What the task requires: Write out the listing below exactly, and omit any images you find in it.

Supplied material:
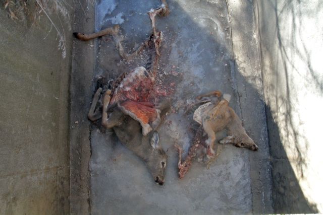 Our next stop was at a small creek that runs under 40th street to see what we could see.  I first saw a deer frozen in a death rictus.  Then another and another.  We counted six dead white tail deer including does and fawns that appear to have been dumped here without having been butchered, though coyotes clearly visit this place at lonelier times of day.  It felt a little dreadful.
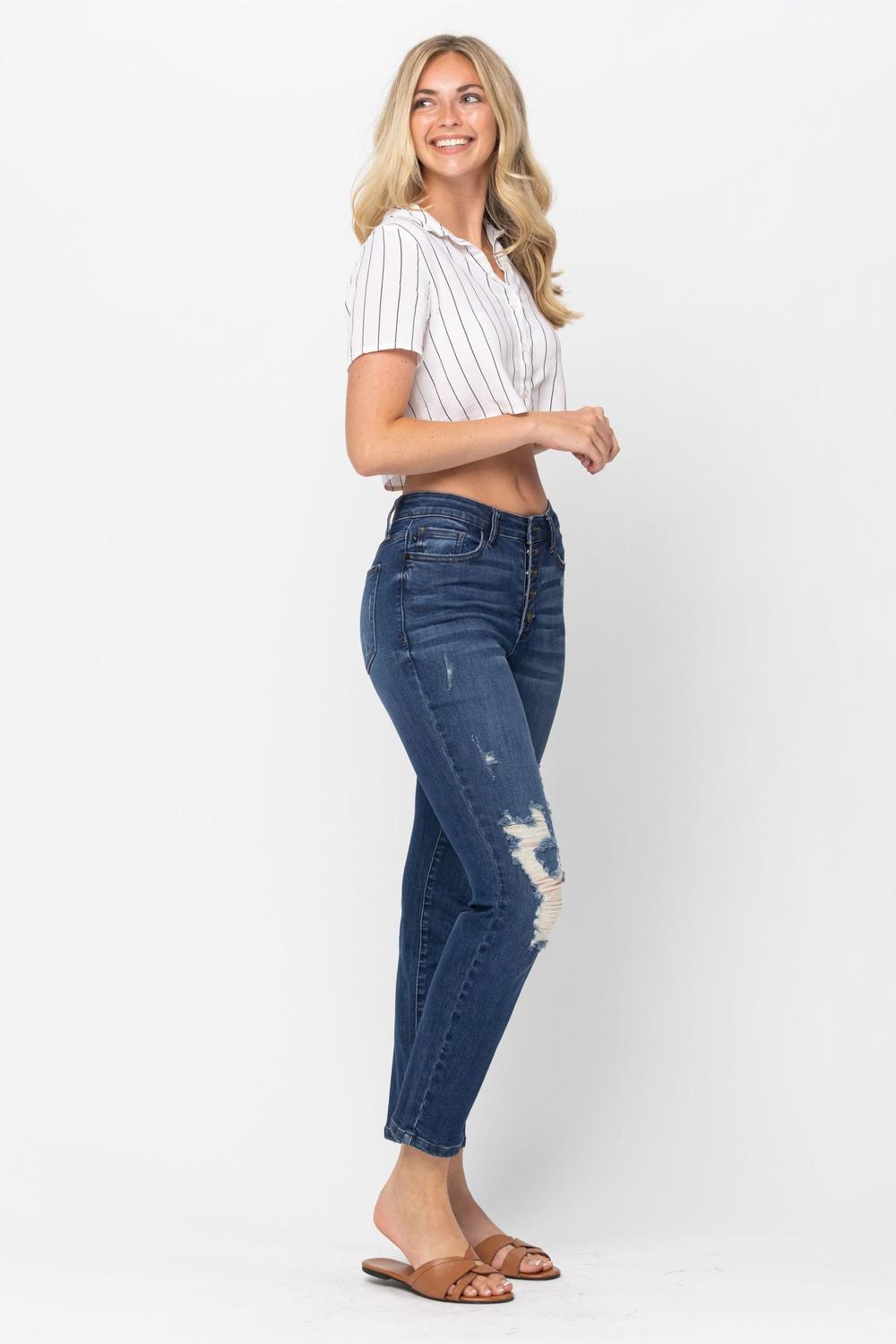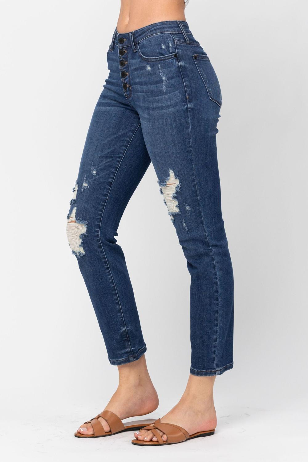 Judy Blue High Waist ZigZag Button Fly & Destroy Boyfriend Denim
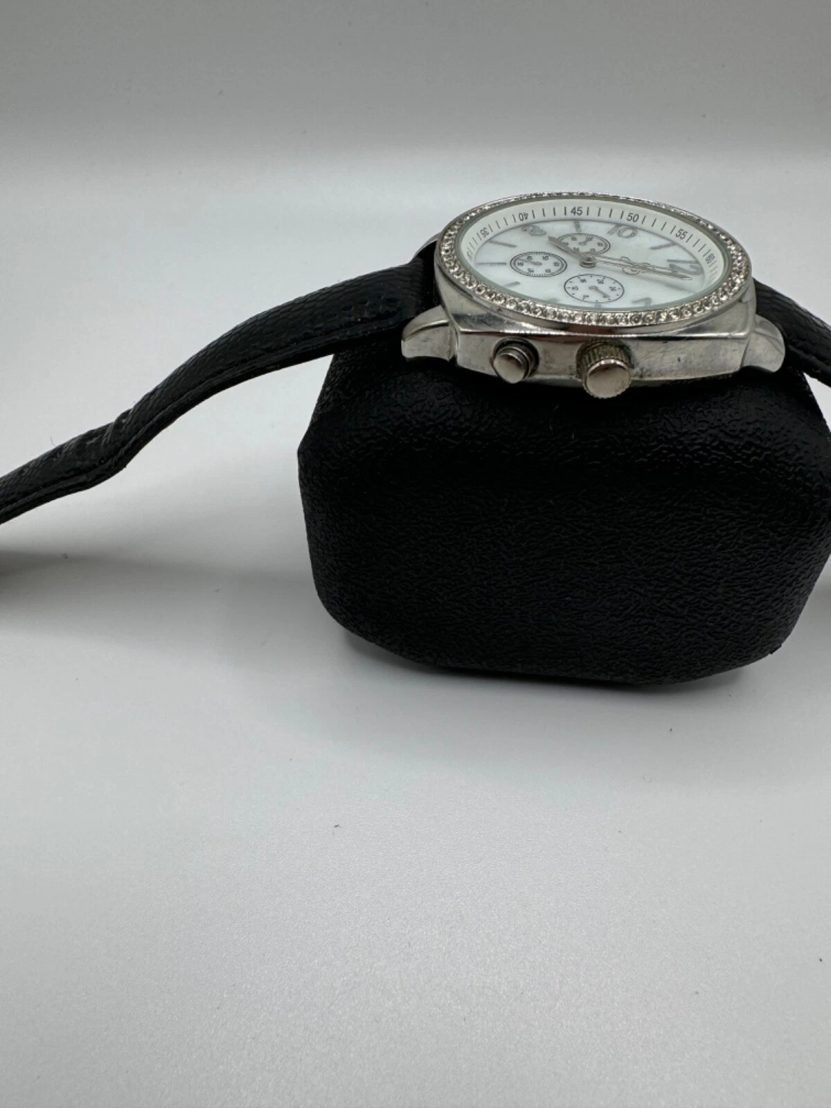 Womens JS watch with Rinestones amd mother of pear look face new battery!

Problem solution:
 Our next stop was at a small creek that runs under 40th street to see what we could see.  I first saw a deer frozen in a death rictus.  Then another and another.  We counted six dead white tail deer including does and fawns that appear to have been dumped here without having been butchered, though coyotes clearly visit this place at lonelier times of day.  It felt a little dreadful.
 Judy Blue High Waist ZigZag Button Fly & Destroy Boyfriend Denim
 Womens JS watch with Rinestones amd mother of pear look face new battery!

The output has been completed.